* _Work instruction_
From the entries below, return only the lines starting at the one that contains "Pozsonyi utca –" and ending at the one that contains "Természetesen, de amint", exactly as they stand.

* _Entries supplied_
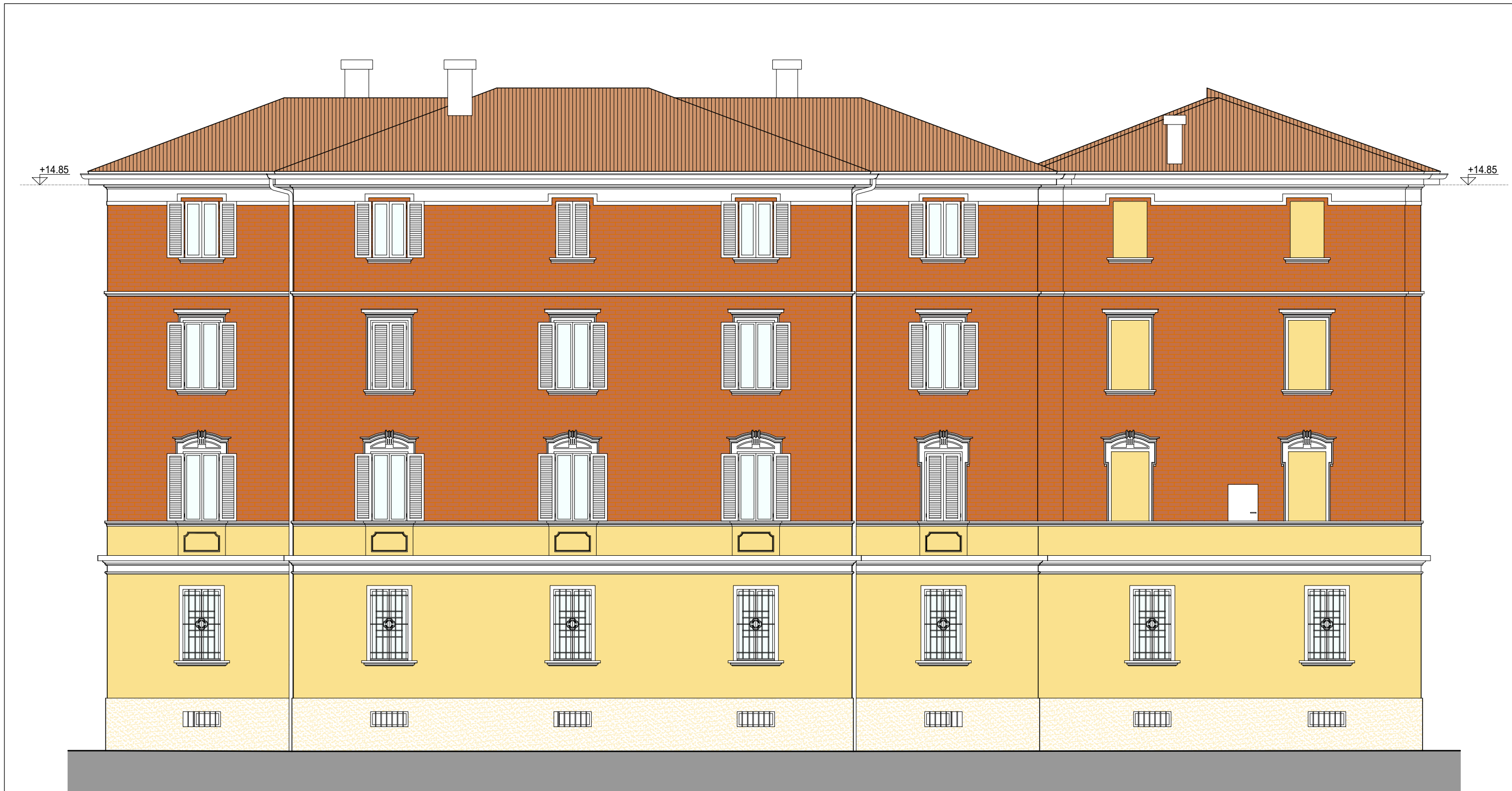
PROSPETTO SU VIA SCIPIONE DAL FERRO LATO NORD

--

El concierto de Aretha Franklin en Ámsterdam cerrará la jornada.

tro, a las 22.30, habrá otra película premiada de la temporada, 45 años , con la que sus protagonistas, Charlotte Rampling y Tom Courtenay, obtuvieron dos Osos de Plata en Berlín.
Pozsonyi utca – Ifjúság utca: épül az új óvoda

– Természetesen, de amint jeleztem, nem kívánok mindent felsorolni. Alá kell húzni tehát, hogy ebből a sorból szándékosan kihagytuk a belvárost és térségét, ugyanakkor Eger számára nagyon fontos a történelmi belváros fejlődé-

--

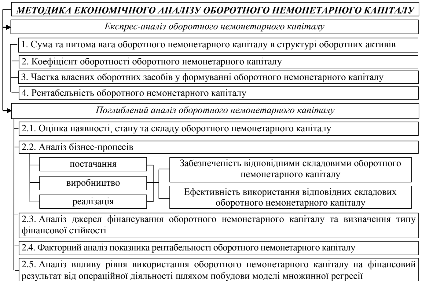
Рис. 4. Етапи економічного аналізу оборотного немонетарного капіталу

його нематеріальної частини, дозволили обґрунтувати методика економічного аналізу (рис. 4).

* _Result for this exercise_
Pozsonyi utca – Ifjúság utca: épül az új óvoda

– Természetesen, de amint jeleztem, nem kívánok mindent felsorolni. Alá kell húzni tehát, hogy ebből a sorból szándékosan kihagytuk a belvárost és térségét, ugyanakkor Eger számára nagyon fontos a történelmi belváros fejlődé-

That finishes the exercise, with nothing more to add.